SlackInboundConnector.doHandle() was parsing the request body twice for
url_verification events — once to check the type, once to extract the
challenge value. We replaced both methods with a single extractChallenge()
returning Optional<String>. One parse, returns the challenge if the type
matches, empty otherwise.
The metadata finding was the most worthwhile. All four webhook connectors were
constructing InboundMessage with Map.of() for metadata — a field designed
for connector-specific message identifiers. Twilio’s MessageSid was being
parsed and discarded. Slack’s team_id was in the event payload, unused.

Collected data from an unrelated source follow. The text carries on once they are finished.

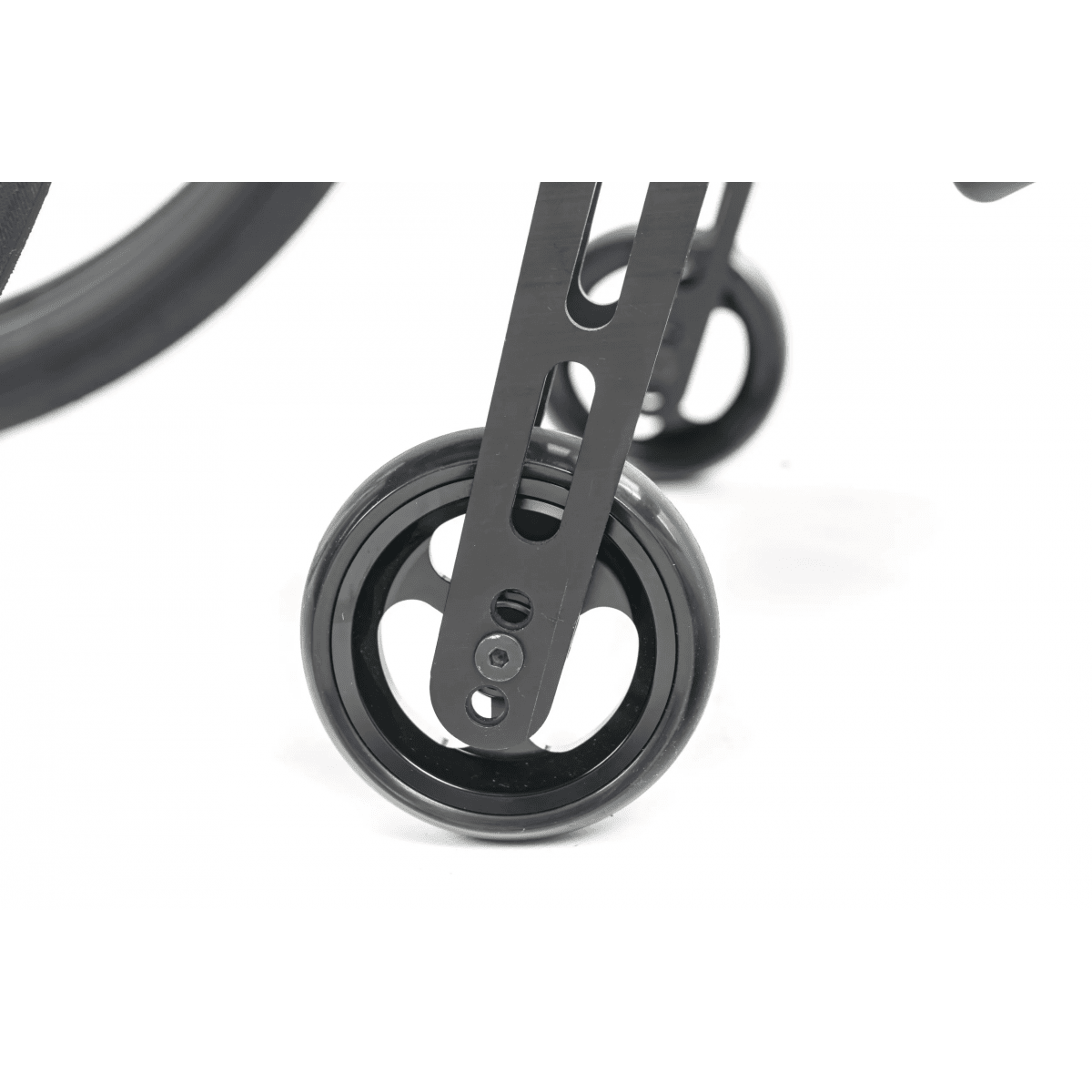 - Передние поворотные колёса оснащены цельнорезиновыми покрышками и обладают тремя позициями регулировки высоты
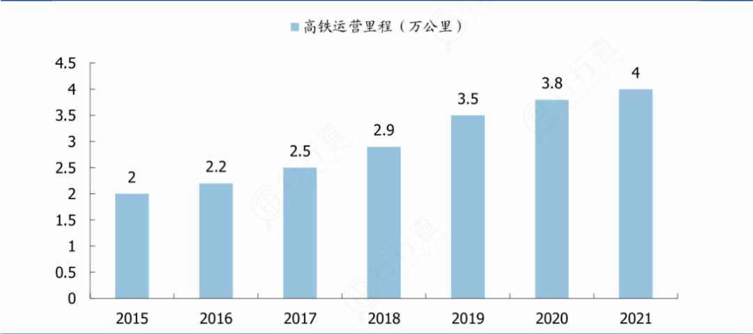 高铁建设快速发展,客运高速化趋势显著。2016 年 7 月,国家发展改革委、交通运输部、中国铁路总公司联合发布了《中长期铁路网规划(2016 版)》,部署规划了中长期铁路发展规划,在"四纵四横"基础上扩张至"八纵八横",具体规划为:到 2020 年,铁路网规模达到 15 万公里,其中高速铁路 3 万公里(覆盖 80%以上的大城市);到 2025 年,铁路网规模达到 17.5 万公里左右,其中高速铁路 3.8 万公里左右;到 2030 年,铁路网规模将达到 20 万公里左右,其中高速铁路 4.5 万公里左右。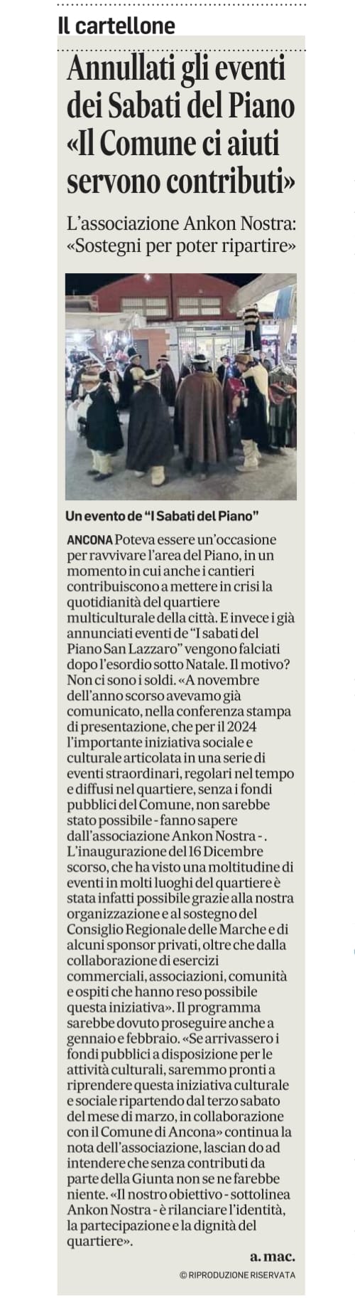 27/12/19: Ankon nostra, Ballanti: ”Si chiude un anno proficuo. Molti gli eventi in agenda per il 2020”: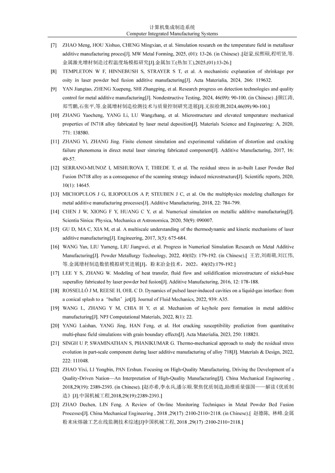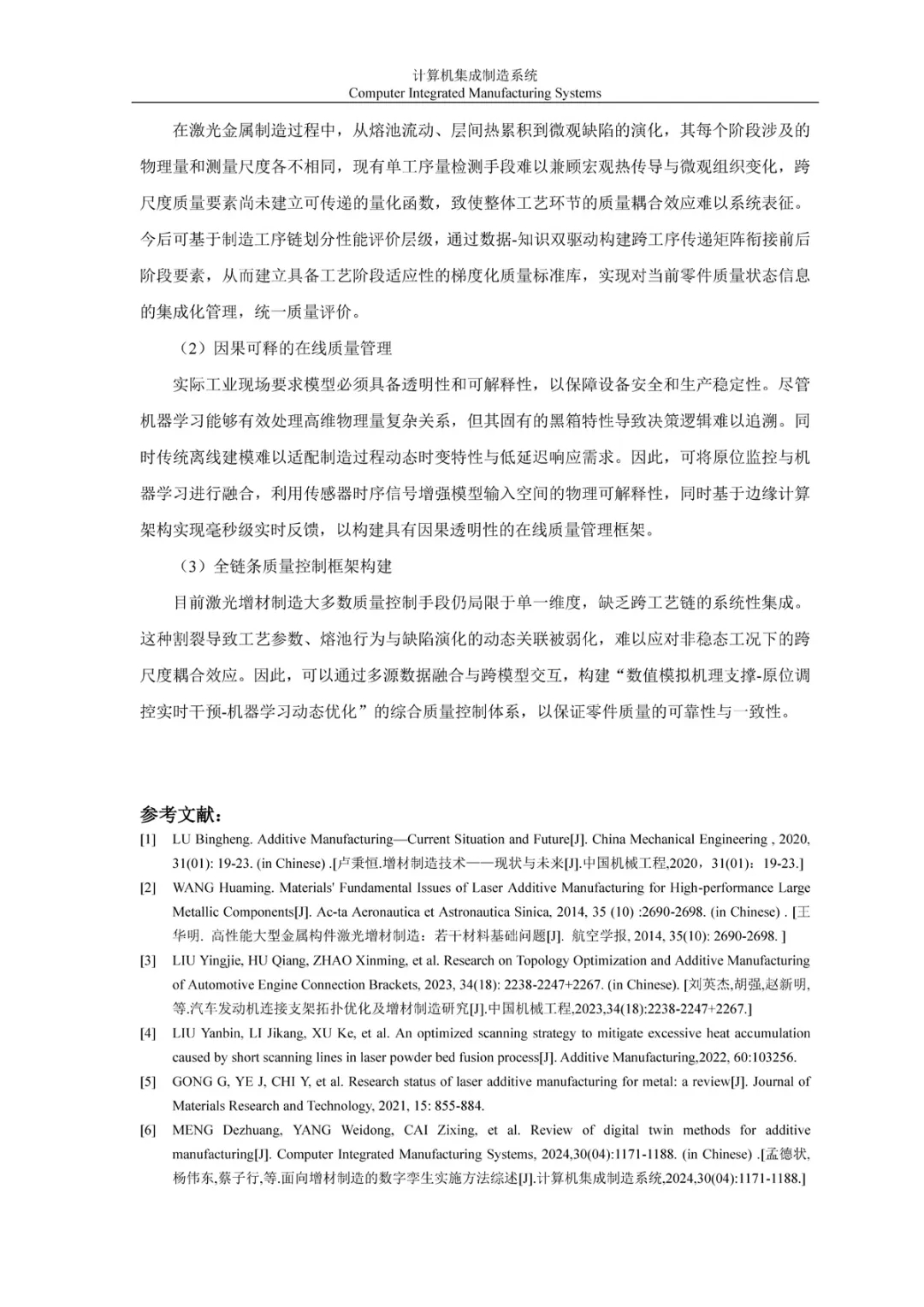 杨伟东,高黄平,赵雨濛,王媛媛,朱东彬.激光金属增材制造过程的质量控制研究综述[J/OL].计算机集成制造系统.https://doi.org/10.13196/j.cims.2025.0104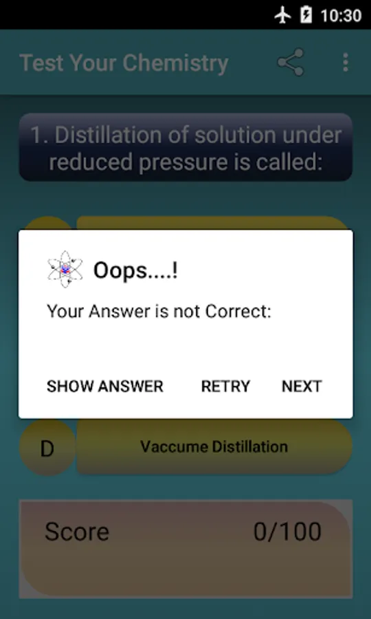 If your answer correct you pass to next question but if you don't know correct answer you can press "Show Answer "Button app will show you correct answer..

WhatsApp’s message id was available. We populated workspace-id for Slack,
message-sid for Twilio, message-id for WhatsApp. Teams had nothing
relevant. Now the email inbound connector isn’t the only one using the
metadata field.
108 tests, clean build
The full project — core, webhook, email, email-inbound — builds to 108 tests
passing. Email-inbound accounts for 24: five for ContentExtractor, four for
DefaultEmailInboundAccountProvider, fourteen for the connector itself (twelve
against Greenmail, two direct buildMetadata() tests that bypass IMAP to cover
the absent-header branches Greenmail can’t test), and one @QuarkusTest
integration test that sends via SMTP, waits up to five seconds for the poll
cycle, and asserts the CDI event fired with correct fields.
Six garden entries. Three protocols. The connectors repo has its first inbound email capability — IMAP polling, account SPI, recursive MIME extraction, at-least-once delivery.